In week 48 overleden 1 250 meer mensen dan verwacht
In de eerste week van december (week 48, 29 november tot en met 5 december 2021) overleden naar schatting 4 300 mensen. Dat zijn er ongeveer 1 250 meer dan verwacht. De sterfte is verhoogd onder alle leeftijden, en zowel onder Wlz-zorggebruikers als onder de overige bevolking. Dat meldt het CBS op basis van de voorlopige sterftecijfers per week.
Sinds begin augustus (week 31) ligt de sterfte boven de verwachte sterfte en ook bijna elke week buiten het interval van gewoonlijke fluctuaties, zodat er sprake was van oversterfte. Vanaf half oktober is het aantal overledenen wekelijks verder toegenomen.
In week 48 registreerde het RIVM 249 overleden COVID-19-patiënten (stand 7 december)
Sterfte bij Wlz-zorggebruikers gelijk gebleven
De sterfte bij mensen die zorg ontvingen in het kader van de Wet langdurige zorg (Wlz), zoals bewoners van verpleeghuizen en gehandicaptenzorginstellingen, bleef op basis van de schatting ongeveer gelijk in week 48. Er overleden bijna 1 700 Wlz-zorggebruikers, ongeveer 550 meer dan verwacht. Sinds week 42 (medio oktober) is er oversterfte onder Wlz-zorggebruikers.
De sterfte onder de overige bevolking nam op basis van de schatting verder toe in week 48. Er overleden ruim 2 600 mensen van de overige bevolking, ongeveer 700 meer dan verwacht. Ook onder deze groep is er oversterfte sinds week 42, maar ook in enkele weken ervoor was er al sprake van oversterfte.

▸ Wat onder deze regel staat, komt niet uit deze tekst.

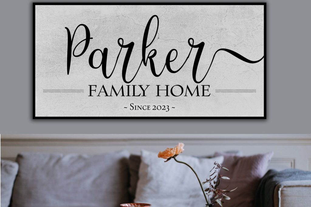This Family Home Name Sign offers a clean, modern farmhouse look and feel. I9;ve placed a little distress on the background but left the lettering clean. Display this personalized wall decor with your last name and established date anywhere in your home or on the porch. It adds warmth and minimalistic beauty to any wall.

In week 48 oversterfte in alle leeftijdsgroepen
Op basis van de schatting nam de sterfte in week 48 toe onder 65-plussers. Er is oversterfte in alle leeftijdsgroepen.
In week 48 overleden naar schatting 2 550 mensen van 80 jaar en ouder. Dat zijn er ongeveer 850 meer dan verwacht voor deze periode. Sinds week 42 is er oversterfte bij deze leeftijdsgroep. Ook in week 36, 39 en 40 was er oversterfte.
Onder mensen van 65 tot 80 jaar overleden in week 48 naar schatting 1 300 mensen, ongeveer 350 meer dan verwacht. Ook in deze leeftijdsgroep is er oversterfte sinds week 42. Daarvoor was er vanaf week 30 oversterfte in de helft van de weken.
Onder mensen jonger dan 65 jaar was de sterfte in week 48 naar schatting 475, ruim 50 meer dan verwacht. Net als in de week ervoor was er oversterfte, evenals in week 44, 45 en 34 tot en met 36, maar in de overige weken in het najaar niet.